START Data for this exercise

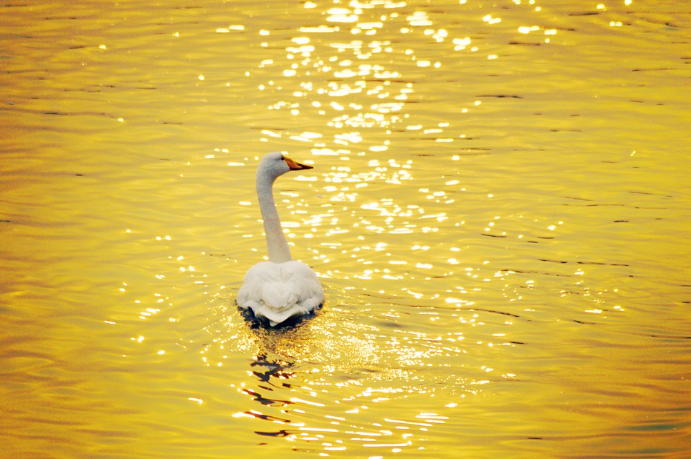 大天鹅(学名:Cygnus cygnus )别名天鹅、咳声天鹅、白天鹅、黄嘴天鹅、鹄、白鹅,属于雁形目鸭科,英文名whooper swan。体重约10千克,体长达1.5米,全身的羽毛均为雪白的颜色,只有头部和嘴的基部略显棕黄色,嘴的端部和脚为黑色。分布于北欧、亚洲北部,越冬在中欧、中亚及中国,是中国国家二级保护动物。
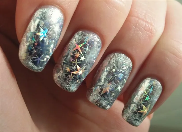 Серебристые ногти с маленькими блестящими пятнышками — один из любимых вариантов для девушек. Голографический эффект достигается благодаря специальному мелкодисперсному пигменту, который плотно покрывает каждую подложку с первого контакта. Они натираются сверху, не оставляя липкого слоя. Сверкающий серебряный лак для ногтей с блестками выглядит великолепно на фотографиях.
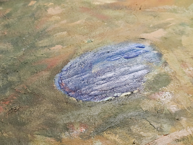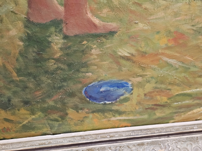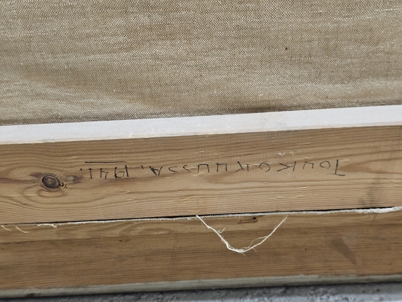 Maalissa joitakin halkeamia ja kulumaa. Kehyksineen 133,5cm x 164cm
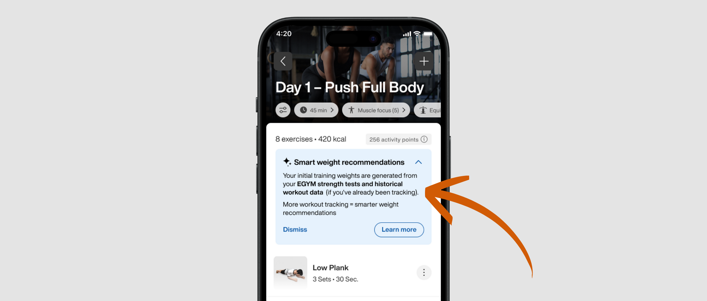 When a member begins a Genius plan without much workout history, Genius uses available data, like EGYM Smart Strength tests or previously tracked workouts, to estimate a starting weight. It’s a smart approximation based on limited data, but not yet fully personalised. As more workouts are tracked, Genius continuously fine-tunes the recommendations to better match the member’s actual fitness level.
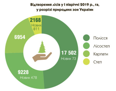 За перше півріччя 2019 року лісогосподарські підприємства відтворили ліси на площі 35852 га, з них створено нових на площі 1362 га.
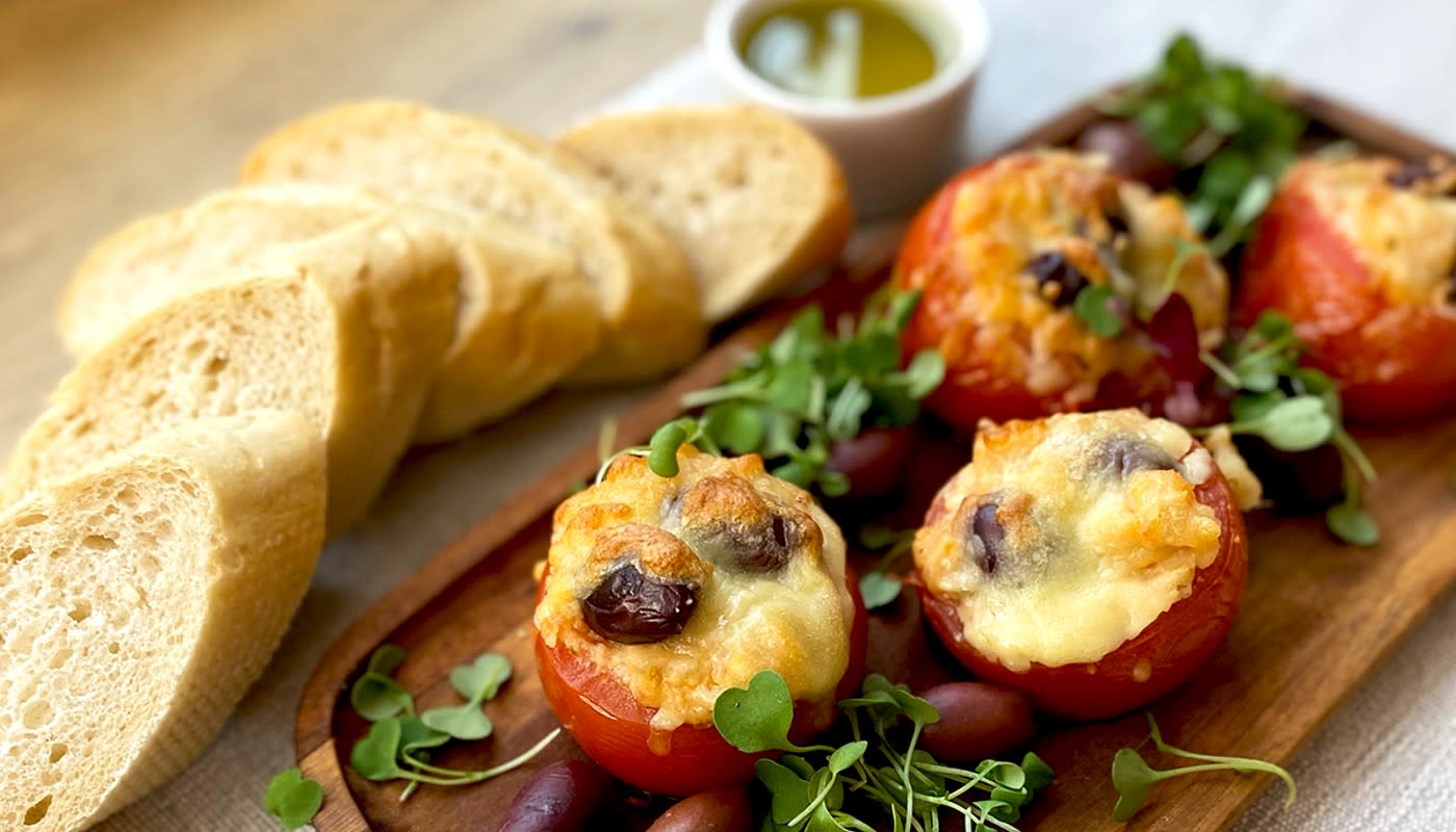 - Täytä tomaatit papumassalla, aseta kalamataoliivit sekä mozzarella raaste tomaattien päälle.

END Data for this exercise

## Task directions
Retype the data above exactly. Do not carry over any images.

## Task solution
 大天鹅(学名:Cygnus cygnus )别名天鹅、咳声天鹅、白天鹅、黄嘴天鹅、鹄、白鹅,属于雁形目鸭科,英文名whooper swan。体重约10千克,体长达1.5米,全身的羽毛均为雪白的颜色,只有头部和嘴的基部略显棕黄色,嘴的端部和脚为黑色。分布于北欧、亚洲北部,越冬在中欧、中亚及中国,是中国国家二级保护动物。
 Серебристые ногти с маленькими блестящими пятнышками — один из любимых вариантов для девушек. Голографический эффект достигается благодаря специальному мелкодисперсному пигменту, который плотно покрывает каждую подложку с первого контакта. Они натираются сверху, не оставляя липкого слоя. Сверкающий серебряный лак для ногтей с блестками выглядит великолепно на фотографиях.
 Maalissa joitakin halkeamia ja kulumaa. Kehyksineen 133,5cm x 164cm
 When a member begins a Genius plan without much workout history, Genius uses available data, like EGYM Smart Strength tests or previously tracked workouts, to estimate a starting weight. It’s a smart approximation based on limited data, but not yet fully personalised. As more workouts are tracked, Genius continuously fine-tunes the recommendations to better match the member’s actual fitness level.
 За перше півріччя 2019 року лісогосподарські підприємства відтворили ліси на площі 35852 га, з них створено нових на площі 1362 га.
 - Täytä tomaatit papumassalla, aseta kalamataoliivit sekä mozzarella raaste tomaattien päälle.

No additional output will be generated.